__Task to complete__. Output only the stretch of the listing that starts at the line containing "더 핀(The PIN)은" and ends at the line containing "2、5的倍数的特征教学目标:1、掌握2、", reproduced exactly with both ends.

---------- Provided data

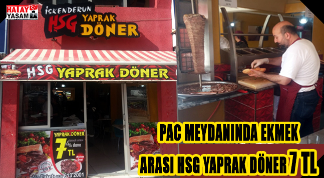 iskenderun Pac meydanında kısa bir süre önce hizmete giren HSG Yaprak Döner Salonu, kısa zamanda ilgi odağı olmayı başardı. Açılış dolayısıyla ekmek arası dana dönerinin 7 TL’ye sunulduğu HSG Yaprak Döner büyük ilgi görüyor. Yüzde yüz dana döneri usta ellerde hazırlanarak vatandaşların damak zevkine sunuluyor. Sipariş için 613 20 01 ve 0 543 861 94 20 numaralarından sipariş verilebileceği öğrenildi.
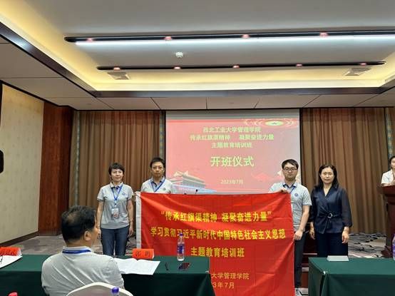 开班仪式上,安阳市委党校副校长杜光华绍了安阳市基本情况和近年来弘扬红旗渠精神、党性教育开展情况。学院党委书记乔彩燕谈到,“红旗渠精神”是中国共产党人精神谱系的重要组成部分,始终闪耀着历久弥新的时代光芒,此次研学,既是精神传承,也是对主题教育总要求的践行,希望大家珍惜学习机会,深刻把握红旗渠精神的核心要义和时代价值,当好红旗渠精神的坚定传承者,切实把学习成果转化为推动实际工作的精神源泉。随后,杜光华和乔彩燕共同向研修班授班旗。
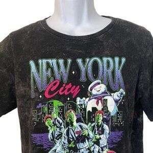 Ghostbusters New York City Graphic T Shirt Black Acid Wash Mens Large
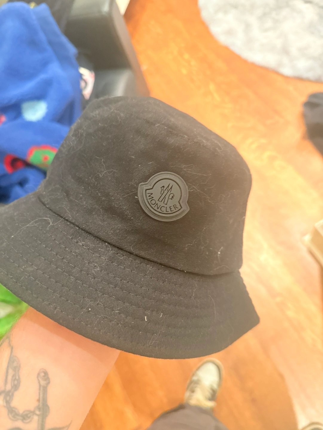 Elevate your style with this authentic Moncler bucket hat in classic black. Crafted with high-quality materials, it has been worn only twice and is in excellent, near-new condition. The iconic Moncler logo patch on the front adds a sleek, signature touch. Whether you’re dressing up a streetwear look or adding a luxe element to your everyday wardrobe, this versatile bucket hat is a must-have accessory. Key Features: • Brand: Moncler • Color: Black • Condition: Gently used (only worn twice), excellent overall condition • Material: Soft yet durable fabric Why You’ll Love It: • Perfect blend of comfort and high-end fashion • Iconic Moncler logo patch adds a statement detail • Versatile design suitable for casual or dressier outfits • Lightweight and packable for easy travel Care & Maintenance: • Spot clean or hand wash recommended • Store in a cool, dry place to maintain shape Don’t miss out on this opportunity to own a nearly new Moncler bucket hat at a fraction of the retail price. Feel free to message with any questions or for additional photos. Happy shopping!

--------------------
---------- Provided data

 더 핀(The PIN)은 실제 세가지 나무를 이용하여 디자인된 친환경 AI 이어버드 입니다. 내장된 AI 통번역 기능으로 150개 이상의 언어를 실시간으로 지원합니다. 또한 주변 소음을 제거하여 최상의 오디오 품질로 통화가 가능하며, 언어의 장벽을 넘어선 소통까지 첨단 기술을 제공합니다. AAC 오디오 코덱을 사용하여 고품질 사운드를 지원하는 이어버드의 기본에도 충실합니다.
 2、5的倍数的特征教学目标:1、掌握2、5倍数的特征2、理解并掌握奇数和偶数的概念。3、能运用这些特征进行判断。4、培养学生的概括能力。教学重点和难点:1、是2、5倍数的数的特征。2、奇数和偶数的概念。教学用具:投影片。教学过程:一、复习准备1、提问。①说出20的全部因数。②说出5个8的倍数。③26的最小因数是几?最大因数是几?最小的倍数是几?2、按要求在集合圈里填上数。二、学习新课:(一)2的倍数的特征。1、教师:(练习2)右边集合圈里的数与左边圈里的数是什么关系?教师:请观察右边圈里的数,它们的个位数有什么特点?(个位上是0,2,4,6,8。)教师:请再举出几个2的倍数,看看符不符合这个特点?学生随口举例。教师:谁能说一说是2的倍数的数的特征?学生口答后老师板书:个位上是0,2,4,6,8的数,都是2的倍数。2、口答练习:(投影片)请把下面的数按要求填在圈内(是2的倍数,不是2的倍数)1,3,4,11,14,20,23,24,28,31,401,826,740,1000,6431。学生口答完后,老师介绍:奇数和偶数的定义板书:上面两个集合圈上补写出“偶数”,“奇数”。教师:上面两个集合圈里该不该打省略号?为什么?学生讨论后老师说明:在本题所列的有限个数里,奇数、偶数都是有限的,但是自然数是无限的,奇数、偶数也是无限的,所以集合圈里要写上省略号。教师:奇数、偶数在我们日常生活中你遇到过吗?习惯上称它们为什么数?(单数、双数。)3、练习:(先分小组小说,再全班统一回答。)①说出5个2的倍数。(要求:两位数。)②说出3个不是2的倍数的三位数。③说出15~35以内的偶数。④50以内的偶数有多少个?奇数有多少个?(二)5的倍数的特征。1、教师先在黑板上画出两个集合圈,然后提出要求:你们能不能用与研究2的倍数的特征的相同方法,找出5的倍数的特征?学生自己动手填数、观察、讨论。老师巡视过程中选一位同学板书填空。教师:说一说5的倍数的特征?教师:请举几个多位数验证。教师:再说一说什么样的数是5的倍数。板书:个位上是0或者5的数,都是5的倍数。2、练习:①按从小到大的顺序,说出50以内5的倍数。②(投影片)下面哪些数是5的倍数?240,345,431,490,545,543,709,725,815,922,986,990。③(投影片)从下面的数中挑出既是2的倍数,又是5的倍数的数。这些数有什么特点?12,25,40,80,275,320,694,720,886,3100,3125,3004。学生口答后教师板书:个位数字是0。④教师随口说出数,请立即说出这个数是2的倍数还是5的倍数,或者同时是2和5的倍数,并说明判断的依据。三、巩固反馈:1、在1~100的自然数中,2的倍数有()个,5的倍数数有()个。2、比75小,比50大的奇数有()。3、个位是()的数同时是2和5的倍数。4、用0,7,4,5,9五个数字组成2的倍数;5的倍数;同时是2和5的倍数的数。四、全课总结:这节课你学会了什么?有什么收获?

--------------------

__Response for this exercise__.
 더 핀(The PIN)은 실제 세가지 나무를 이용하여 디자인된 친환경 AI 이어버드 입니다. 내장된 AI 통번역 기능으로 150개 이상의 언어를 실시간으로 지원합니다. 또한 주변 소음을 제거하여 최상의 오디오 품질로 통화가 가능하며, 언어의 장벽을 넘어선 소통까지 첨단 기술을 제공합니다. AAC 오디오 코덱을 사용하여 고품질 사운드를 지원하는 이어버드의 기본에도 충실합니다.
 2、5的倍数的特征教学目标:1、掌握2、5倍数的特征2、理解并掌握奇数和偶数的概念。3、能运用这些特征进行判断。4、培养学生的概括能力。教学重点和难点:1、是2、5倍数的数的特征。2、奇数和偶数的概念。教学用具:投影片。教学过程:一、复习准备1、提问。①说出20的全部因数。②说出5个8的倍数。③26的最小因数是几?最大因数是几?最小的倍数是几?2、按要求在集合圈里填上数。二、学习新课:(一)2的倍数的特征。1、教师:(练习2)右边集合圈里的数与左边圈里的数是什么关系?教师:请观察右边圈里的数,它们的个位数有什么特点?(个位上是0,2,4,6,8。)教师:请再举出几个2的倍数,看看符不符合这个特点?学生随口举例。教师:谁能说一说是2的倍数的数的特征?学生口答后老师板书:个位上是0,2,4,6,8的数,都是2的倍数。2、口答练习:(投影片)请把下面的数按要求填在圈内(是2的倍数,不是2的倍数)1,3,4,11,14,20,23,24,28,31,401,826,740,1000,6431。学生口答完后,老师介绍:奇数和偶数的定义板书:上面两个集合圈上补写出“偶数”,“奇数”。教师:上面两个集合圈里该不该打省略号?为什么?学生讨论后老师说明:在本题所列的有限个数里,奇数、偶数都是有限的,但是自然数是无限的,奇数、偶数也是无限的,所以集合圈里要写上省略号。教师:奇数、偶数在我们日常生活中你遇到过吗?习惯上称它们为什么数?(单数、双数。)3、练习:(先分小组小说,再全班统一回答。)①说出5个2的倍数。(要求:两位数。)②说出3个不是2的倍数的三位数。③说出15~35以内的偶数。④50以内的偶数有多少个?奇数有多少个?(二)5的倍数的特征。1、教师先在黑板上画出两个集合圈,然后提出要求:你们能不能用与研究2的倍数的特征的相同方法,找出5的倍数的特征?学生自己动手填数、观察、讨论。老师巡视过程中选一位同学板书填空。教师:说一说5的倍数的特征?教师:请举几个多位数验证。教师:再说一说什么样的数是5的倍数。板书:个位上是0或者5的数,都是5的倍数。2、练习:①按从小到大的顺序,说出50以内5的倍数。②(投影片)下面哪些数是5的倍数?240,345,431,490,545,543,709,725,815,922,986,990。③(投影片)从下面的数中挑出既是2的倍数,又是5的倍数的数。这些数有什么特点?12,25,40,80,275,320,694,720,886,3100,3125,3004。学生口答后教师板书:个位数字是0。④教师随口说出数,请立即说出这个数是2的倍数还是5的倍数,或者同时是2和5的倍数,并说明判断的依据。三、巩固反馈:1、在1~100的自然数中,2的倍数有()个,5的倍数数有()个。2、比75小,比50大的奇数有()。3、个位是()的数同时是2和5的倍数。4、用0,7,4,5,9五个数字组成2的倍数;5的倍数;同时是2和5的倍数的数。四、全课总结:这节课你学会了什么?有什么收获?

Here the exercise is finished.